Eventually: my promised report back on the Pirate Bay talk, which was great, and after which Mister Mux Tape explained that commercial software is, by its very nature, better than free and open source software and then asked me if I worked for the FSF when I called him on that bizarre and baseless assertion. I’m not even talking about Apache here. Or I am, but at the present moment, Open Office is better documented than the MS Office suite. And calc’s financial functions are just plain better. I didn’t point out that I don’t think that the Free Software Foundation really has the staff resources to travel the Eastern seaboard heckling speakers at community arts talks. I also didn’t point out that there are people in this world (no really, there are!) who hold opinions they aren’t paid to hold and expertise on subjects they are not professional lobbyists on behalf of.
Actually, I could kind of wrap that one up and repeat what we already know which is that the Bureau of Piracy is great, you should take a look at the links on the original post and (this is the part I hope you already know) that the real problem with the prosecution of the buccaneers is about free speech. Not about my right to swap music willy-nilly, copyright be damned (another thing I didn’t say to Mux Man: there is, I think, a big difference between software and music) but about whether a file sharing platform should be held accountable for the files shared over it. Particularly in a world where some musicians do want to make large files (their own) available free of charge and politically significant data sets can be a difficult thing to host on your own little server. Fundamentally, neither the laws nor the recording industry have kept up with the modern world and it is worth asking why that is really the fault of the Pirate Bureau.
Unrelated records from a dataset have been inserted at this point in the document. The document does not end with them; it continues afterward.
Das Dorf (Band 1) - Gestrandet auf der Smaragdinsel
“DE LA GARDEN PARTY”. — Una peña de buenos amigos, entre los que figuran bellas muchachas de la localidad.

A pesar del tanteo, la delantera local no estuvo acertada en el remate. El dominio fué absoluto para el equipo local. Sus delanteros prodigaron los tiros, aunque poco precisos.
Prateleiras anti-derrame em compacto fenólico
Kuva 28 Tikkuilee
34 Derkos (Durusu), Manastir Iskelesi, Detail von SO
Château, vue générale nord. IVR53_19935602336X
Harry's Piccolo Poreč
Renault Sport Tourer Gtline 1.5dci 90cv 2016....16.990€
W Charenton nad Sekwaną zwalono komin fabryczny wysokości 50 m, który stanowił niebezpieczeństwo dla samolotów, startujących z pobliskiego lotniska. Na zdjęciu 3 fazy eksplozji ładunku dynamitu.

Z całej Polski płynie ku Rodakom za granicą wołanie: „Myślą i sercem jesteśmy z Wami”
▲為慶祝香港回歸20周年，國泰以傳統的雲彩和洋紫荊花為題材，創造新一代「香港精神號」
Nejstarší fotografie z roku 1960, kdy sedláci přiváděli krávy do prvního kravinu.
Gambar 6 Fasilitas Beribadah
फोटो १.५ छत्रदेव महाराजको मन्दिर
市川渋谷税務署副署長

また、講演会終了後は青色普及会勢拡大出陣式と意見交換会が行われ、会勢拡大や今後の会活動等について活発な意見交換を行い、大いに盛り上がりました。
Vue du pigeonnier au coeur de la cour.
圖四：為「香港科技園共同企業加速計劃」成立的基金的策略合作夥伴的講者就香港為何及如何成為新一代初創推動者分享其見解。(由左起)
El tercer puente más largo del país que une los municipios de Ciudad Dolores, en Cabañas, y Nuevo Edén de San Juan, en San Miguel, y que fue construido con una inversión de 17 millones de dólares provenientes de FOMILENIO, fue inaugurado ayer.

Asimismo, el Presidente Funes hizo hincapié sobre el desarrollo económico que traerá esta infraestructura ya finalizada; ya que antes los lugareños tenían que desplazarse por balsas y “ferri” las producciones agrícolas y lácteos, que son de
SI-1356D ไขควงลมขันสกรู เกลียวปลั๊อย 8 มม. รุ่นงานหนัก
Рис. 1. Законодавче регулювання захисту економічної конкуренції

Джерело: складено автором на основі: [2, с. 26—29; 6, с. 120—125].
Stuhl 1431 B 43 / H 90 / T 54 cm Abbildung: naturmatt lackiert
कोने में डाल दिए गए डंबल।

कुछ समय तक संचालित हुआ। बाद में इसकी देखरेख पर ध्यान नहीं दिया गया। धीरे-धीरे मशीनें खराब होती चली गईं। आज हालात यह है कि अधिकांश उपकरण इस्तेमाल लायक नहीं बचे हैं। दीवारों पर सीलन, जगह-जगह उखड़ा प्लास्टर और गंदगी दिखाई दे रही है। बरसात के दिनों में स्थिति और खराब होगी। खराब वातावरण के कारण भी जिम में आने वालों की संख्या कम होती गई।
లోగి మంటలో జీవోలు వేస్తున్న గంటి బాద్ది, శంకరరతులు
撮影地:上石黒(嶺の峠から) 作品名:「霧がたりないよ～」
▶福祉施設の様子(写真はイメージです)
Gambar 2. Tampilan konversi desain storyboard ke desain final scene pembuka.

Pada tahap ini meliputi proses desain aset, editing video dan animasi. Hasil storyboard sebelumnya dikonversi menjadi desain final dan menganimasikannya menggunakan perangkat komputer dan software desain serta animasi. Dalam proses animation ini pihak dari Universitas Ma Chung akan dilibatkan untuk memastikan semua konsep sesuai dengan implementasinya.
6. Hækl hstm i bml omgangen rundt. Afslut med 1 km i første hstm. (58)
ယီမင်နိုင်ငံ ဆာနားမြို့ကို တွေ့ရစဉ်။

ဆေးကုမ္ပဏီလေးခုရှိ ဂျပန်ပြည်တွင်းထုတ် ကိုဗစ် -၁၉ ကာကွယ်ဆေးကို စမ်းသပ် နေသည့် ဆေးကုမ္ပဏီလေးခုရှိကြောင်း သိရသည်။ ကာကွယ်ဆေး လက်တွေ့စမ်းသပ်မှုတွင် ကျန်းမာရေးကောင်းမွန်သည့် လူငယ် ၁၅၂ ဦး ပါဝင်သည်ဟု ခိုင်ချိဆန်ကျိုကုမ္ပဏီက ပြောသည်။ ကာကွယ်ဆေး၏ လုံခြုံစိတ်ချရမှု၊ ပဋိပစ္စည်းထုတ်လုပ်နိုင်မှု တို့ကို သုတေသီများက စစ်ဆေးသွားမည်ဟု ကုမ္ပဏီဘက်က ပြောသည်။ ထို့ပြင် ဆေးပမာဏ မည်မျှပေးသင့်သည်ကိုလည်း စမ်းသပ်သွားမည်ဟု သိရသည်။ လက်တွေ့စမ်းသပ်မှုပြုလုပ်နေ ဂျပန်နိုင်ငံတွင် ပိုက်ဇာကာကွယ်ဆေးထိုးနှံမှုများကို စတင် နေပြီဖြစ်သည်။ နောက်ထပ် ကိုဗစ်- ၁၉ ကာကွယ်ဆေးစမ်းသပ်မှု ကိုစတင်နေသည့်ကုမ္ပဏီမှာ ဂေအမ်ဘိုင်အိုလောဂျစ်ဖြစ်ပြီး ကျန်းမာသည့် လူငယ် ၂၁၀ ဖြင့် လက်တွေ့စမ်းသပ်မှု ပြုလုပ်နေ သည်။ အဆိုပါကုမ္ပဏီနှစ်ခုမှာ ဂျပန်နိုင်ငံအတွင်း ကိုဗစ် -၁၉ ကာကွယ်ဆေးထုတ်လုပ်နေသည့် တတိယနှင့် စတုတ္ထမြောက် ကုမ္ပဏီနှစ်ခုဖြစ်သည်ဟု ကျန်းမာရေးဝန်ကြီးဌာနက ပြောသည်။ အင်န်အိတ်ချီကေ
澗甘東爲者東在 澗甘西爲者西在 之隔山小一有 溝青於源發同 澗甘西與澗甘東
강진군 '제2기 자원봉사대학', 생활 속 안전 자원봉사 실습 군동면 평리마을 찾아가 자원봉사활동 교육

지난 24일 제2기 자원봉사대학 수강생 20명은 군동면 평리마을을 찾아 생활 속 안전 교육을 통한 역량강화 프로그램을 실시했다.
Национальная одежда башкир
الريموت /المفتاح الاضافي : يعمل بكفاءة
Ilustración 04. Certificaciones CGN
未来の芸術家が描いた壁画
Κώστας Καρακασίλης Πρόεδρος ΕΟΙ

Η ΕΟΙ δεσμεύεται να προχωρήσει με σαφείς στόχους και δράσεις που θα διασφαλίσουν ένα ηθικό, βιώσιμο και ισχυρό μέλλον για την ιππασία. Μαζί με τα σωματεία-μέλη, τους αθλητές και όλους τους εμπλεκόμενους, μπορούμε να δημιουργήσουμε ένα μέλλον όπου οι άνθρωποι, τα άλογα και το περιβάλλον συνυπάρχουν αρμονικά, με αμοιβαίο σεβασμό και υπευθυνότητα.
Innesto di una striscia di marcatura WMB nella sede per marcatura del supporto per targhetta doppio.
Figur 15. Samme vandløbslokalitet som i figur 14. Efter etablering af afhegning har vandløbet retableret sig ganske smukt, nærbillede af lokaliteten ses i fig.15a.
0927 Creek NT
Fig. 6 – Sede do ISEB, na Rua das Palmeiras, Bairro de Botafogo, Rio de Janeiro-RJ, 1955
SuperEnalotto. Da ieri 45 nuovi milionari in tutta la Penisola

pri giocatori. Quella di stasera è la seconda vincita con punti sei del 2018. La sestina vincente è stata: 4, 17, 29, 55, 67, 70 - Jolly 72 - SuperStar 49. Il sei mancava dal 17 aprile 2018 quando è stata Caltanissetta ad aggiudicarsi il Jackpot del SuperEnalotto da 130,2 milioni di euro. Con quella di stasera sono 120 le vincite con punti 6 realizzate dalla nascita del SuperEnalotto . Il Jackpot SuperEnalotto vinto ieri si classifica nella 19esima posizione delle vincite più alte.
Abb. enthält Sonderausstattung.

That was rough. I might come back and try to make it sound a little coherent. Meantime I wanted to say something else about the Brooklyn Board of Building Trades, which could use a little press training. I stumbled across their rally at Pratt just in time to over hear a fairly pleasant man asking, in all apparent earnest, what the story was. The response he got was an unaccountably angry snarl, “well they musta done something or we wouldn’t be here, would we?” Newsflash #1: If you want public support you have to have a more coherent explanation of your presence than “I have my reasons, fuck you.”
So okay. The guys at the end of the march missed the talking points training. Next thing I know, some guy (are there really no women in the building trades in Brooklyn? I saw not one. And it was a big rally.) yells to me, again with a snarl, “why doncha go back to claaaass sweetheart?!?” I looked over to see they’d moved on to ogling another woman who was passing by.
Newsflash #2: You aren’t doing much to make the case for union labor at a university if you’re heckling female students. And, and 3: what on earth is your strategy? Alienate your likeliest ally? If you actually want Pratt to change their contracting practices, try finding some solidarity with students who can help your cause.
That is my rant. I’m not impressed. I’m not even convinced that I’d hire Local 926 myself. They struck me as a vicious lot. At a minimum, they need some serious help making their case. “We’re going to deafen you if you don’t do what we say” only goes so far. There are better reasons to hire union labor.
I’m still stuck on Mux Tape, though. So many things wrong with accusing me of working for FSF. So many things. So what if I do, for one thing. If I work for Transportation Alternatives does that mean I can’t comment on a statement that bikes don’t belong on the streets? I should hope TA would step up to disagree with that. Is their position somehow less valid because people have devoted their careers to it?
Mike was right to correct me later: the position of the Free Software Foundation is indeed that all software should be free (free as in GPL). That is not by any stretch the position of Creative Commons, however. So we can file that under baseless assertions too. There are some concrete and logical reasons why FSF believes that software should be GPL, and they have to do with history and community and some religion. Software is different from music, though, and Creative Commons isn’t the Free Software Foundation. Their whole project is to offer you choice. Public Domain and All Rights Reserved have been written, it is the licenses in between that we’re missing. So to say that somehow Mux Tape is special for giving you choice, choice that Creative Commons doesn’t want you to have … that is just silly.